The Daily Dose • Friday, May 17, 2024

SmartTots Investigator Interview: Rita Saynhalath, MD, FAAP, FASA

Short-term Outcomes in Infants Following General Anesthesia with Low-dose Sevoflurane/Dexmedetomidine/Remifentanil Versus Standard Dose Sevoflurane (The TREX Trial)

Rita SaynhalathRita Saynhalath, MD, FAAP, FASA
Associate Professor of Anesthesiology and Pain Management
The University of Texas Southwestern Medical Center and Children’s Health
Dallas, TX

Abstract Presentation:

Oral Abstract Session: Late-Breaking Abstracts, Saturday, May 18, 2024, 6:25 pm – 6:33 pm, Elwha B, Hyatt Regency Seattle

During her fellowship, Rita Saynhalath, MD, FAAP, FASA, was first exposed to pediatric anesthesiology clinical research, marking the beginning of her journey to play a part in changing the anesthetic management of children and potentially making a meaningful difference on their long-term outcomes. Now an Associate Professor of Anesthesiology and Pain Management at The University of Texas Southwestern Medical Center and Children’s Health, Dr. Saynhalath became involved early with the initial pilot TREX project and then later with the TREX trial. The TREX trial evaluates anesthesia exposure of 2 hours or longer on children at the age of 3 and will provide the strongest evidence to date on the effects of anesthesia on the developing brain. During an Oral Abstract Session on Saturday, May 18, at the 2024 Annual Meeting, presented by IARS and SOCCA, Dr. Saynhalath is excited to share the short-term outcomes of this important trial. Below, she reflects on what drew her to this area of research and the potential impacts of the TREX trial on the outcomes of our most vulnerable patients.

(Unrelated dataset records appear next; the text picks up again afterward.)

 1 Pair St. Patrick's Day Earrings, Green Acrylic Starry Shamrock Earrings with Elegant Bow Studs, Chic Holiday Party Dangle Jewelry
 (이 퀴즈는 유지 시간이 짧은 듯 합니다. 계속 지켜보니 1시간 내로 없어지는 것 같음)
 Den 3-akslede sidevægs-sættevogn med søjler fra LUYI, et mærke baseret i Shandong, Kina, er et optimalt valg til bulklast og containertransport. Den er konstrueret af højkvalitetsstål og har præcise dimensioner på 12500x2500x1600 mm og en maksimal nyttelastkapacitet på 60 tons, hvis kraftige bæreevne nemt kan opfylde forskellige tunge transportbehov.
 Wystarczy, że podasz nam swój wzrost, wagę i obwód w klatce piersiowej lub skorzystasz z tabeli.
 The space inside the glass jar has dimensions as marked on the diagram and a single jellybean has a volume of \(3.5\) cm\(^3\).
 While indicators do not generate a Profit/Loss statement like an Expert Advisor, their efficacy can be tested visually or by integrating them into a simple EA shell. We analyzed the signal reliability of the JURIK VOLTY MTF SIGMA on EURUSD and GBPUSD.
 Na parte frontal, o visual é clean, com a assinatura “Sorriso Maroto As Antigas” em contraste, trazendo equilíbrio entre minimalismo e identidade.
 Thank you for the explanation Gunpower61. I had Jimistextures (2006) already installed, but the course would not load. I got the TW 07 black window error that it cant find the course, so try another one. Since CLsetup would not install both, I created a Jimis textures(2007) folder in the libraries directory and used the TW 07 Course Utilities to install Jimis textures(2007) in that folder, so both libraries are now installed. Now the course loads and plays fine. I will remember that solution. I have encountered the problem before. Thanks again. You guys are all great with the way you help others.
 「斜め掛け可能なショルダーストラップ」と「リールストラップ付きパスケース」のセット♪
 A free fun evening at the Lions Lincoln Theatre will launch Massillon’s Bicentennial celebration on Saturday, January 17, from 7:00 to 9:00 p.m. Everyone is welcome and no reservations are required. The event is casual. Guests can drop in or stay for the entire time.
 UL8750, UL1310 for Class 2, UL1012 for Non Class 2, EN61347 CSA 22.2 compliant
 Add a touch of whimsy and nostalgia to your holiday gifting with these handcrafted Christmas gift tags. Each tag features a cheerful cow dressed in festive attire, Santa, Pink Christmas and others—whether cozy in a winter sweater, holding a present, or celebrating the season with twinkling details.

1. For this research, you are…

Co-investigator

2. What drew you to this area of research? Has it evolved since your initial research project? 

My first experience with pediatric anesthesiology clinical research happened during my pediatric anesthesiology fellowship year, under the mentorship of Dr. Peter Szmuk. I was involved with the initial pilot TREX project and later had the opportunity to also be a part of the TREX trial, helping our institution achieve the highest enrollment numbers of the clinical trial. Neurodevelopmental outcomes in pediatric patients undergoing general anesthesia have captivated my attention because it was one of the main controversial issues during my training. After becoming more involved with the TREX consortium, I became invested in the issue because a change in anesthetic management could potentially make a meaningful difference on the long-term outcomes of our youngest patients. Once enrollment for TREX was completed, I was excited to lead the manuscript writing for the short-term outcomes of the TREX trial under the mentorship of Professors Justin Skowno and Andrew Davidson.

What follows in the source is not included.